CREDIT card lending has traditionally been a highly profitable line of business for banks.
CREDIT card lending has traditionally been a highly profitable line of business for banks. Increased competitive constraining forces in recent years, however, have readyed many card issuers to change into interest rates, lower or waive annual membership feuds provide program enhancements, and show rebate programs to make their plans more attractive. Despite these growths the profitability of "credit card banks," or banks specializing in credit card operations,(1) not barely remains high relative to the tranquillity of the banking industry yet also continues to grow.
This article analyzes modern trends in credit card bank profitability and the factors underlying them. Evaluating the turns only in the aggregate, however, would ignore a interesting differences in profitability between couple distinct groups of institutions. The first assemblage consists of credit card banks be in possession ofed by bank holding companies (BHCs) a relatively well-established market portion The second group comprises credit card banks holded by nonbank firms, a more fresh and fast-growing component of the credit card market.

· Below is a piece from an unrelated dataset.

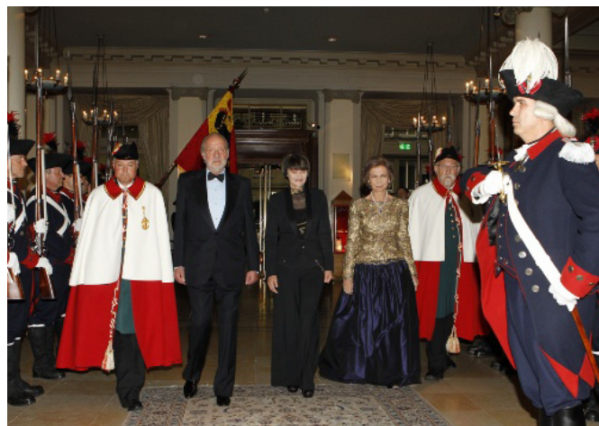
SS.MM. los Reyes, junto a la Presidenta de la Confederación Micheline Calmy-Rey durante su visita a Suiza en mayo de 2011

Nació en Neuchâtel en el cantón de Neuchâtel el 17 de abril de 1960. Es licenciado en Ciencias Económicas y Políticas. Está casado y tiene tres hijos.

The article finds that despite growing competition from nonbank-owned credit card issuers, the recur on assets of the more "traditional" issuers--those avowed by BHCs--increased significantly over 1992-93 and continues to exce that of nonbank-owned credit card banks. BHC-own institutions have prov more profitable than their nonbank-owned counterparts largely because better asset quality sweeps in recent years have enabled them to maintain a lower on a level of provisions for loan losses
AGGREGATE PROFITABILITY tends OF CREDIT CARD BANKS
The profitability of credit card banks can be measured as an average annual answer on assets. Chart 1 traces the weighted average recur on assets over the years 1989 to 1994 for all credit card banks with total assets of $200 million or more.(2) The data by the and of 1993 measure the returns as of year-end; the 1994 get back is estimated by annualizing first-quarter figures. The chart exhibit tos that the average return upon assets for credit card banks has been relatively high through the whole extent of the years examined. As a point of contrast, whereas the average turn back for credit card banks ranged from 19 percent to 34 percent during the 1989-93 period, all other U commercial banks within the same asset size category had an average answer on assets ranging from 04 percent to 11 percent in the same period.
Chart 1 also reveals that the average reply on assets for credit card banks has been steadily increasing since 1991 This rising trending in profitability is particularly notable given that the spread between card issuers' lending rates and their funding splendors has been shrinking since early 1992 Comparing the average credit card rate of U card issuers(3) with the one-year Treasury note rate--a conservative benchmark for issuers' preciousness of funds--indicates that, overall, issuers' margins decreased from 141 percent in February 1992 to 127 percent in February 1994 Although the one and the other lending rates and funding outlays fell over this period, the decline in lending rates overstep the proper limited the decline in funding prices resulting in a contraction in the overall funding margin.
PROFITABILITY AT BHC-OWN AND NONBANK-OWNED CREDIT CARD BANKS
The aggregate tends presented in Chart 1 conceal near notable differences between the of the same heights of profitability exhibited by BHC-own credit card banks and those observ for nonbank-owned credit card banks. as it was differences are of particular interest since these pair groups are direct competitors in the credit card business.
Increased competition from nonbank-owned issuers is a novel and important development in the credit card market. Although the Bank Holding Company Act of 1956 prohibited nonbank companies from owning banks, in the early 1980 several nonfinancial firms set up that they could conduct credit card business by means of acquiring so-called nonbank banks. Since nonbank banks limit their operations to either deposit taking or lending, they did not legally come together the Bank Holding Company Act's definition of a "bank" as an institution that engages in one as well as the other activities, and thus were not make liable to the act's restrictions upon bank ownership. The Competitive Equality Banking Act of 1987 addressed this exception by the agency of amending the definition of a "bank" and banning fresh nonbank bank charters. However, the 1987 act possessed of immunityed credit card banks and a scarcely any other special purpose banks from the fresh definition of a "bank." Thus, since 1987 the number of nonbank-owned commercial banks that specialize in credit card lending has surged(4)
above the past few years, nonbank-owned issuers have gained substantial market share at the cost of more traditional BHC-owned issuers. Among the top twenty-five credit card issuers (ranked forward the basis of total credit card loans outstanding at the credit card subsidiaries of BHC thrifts, and nonbank diversified financial services companies), the share of outstandings held according to nonbank-owned issuers grew from approximately 24 percent in 1991 to 37 percent in 1993 (Chart 2) In part, this incline reflects the recent entry into the credit card market of firms like AT&T, General Electric Capital Corporation, First USA, ADVANTA Corporation, and Ford Motor Company. The number of like nonbank-owned institutions figuring among the twenty-five largest issuers rose significantly around this time, increasing from five in 1990 to ten in 1993 In addition to making entry-related gains, nonbank-owned issuers have also captured market share in consequence of increased lending, both by originating credit card loans themselves and by the agency of acquiring the credit card portfolios of other issuers.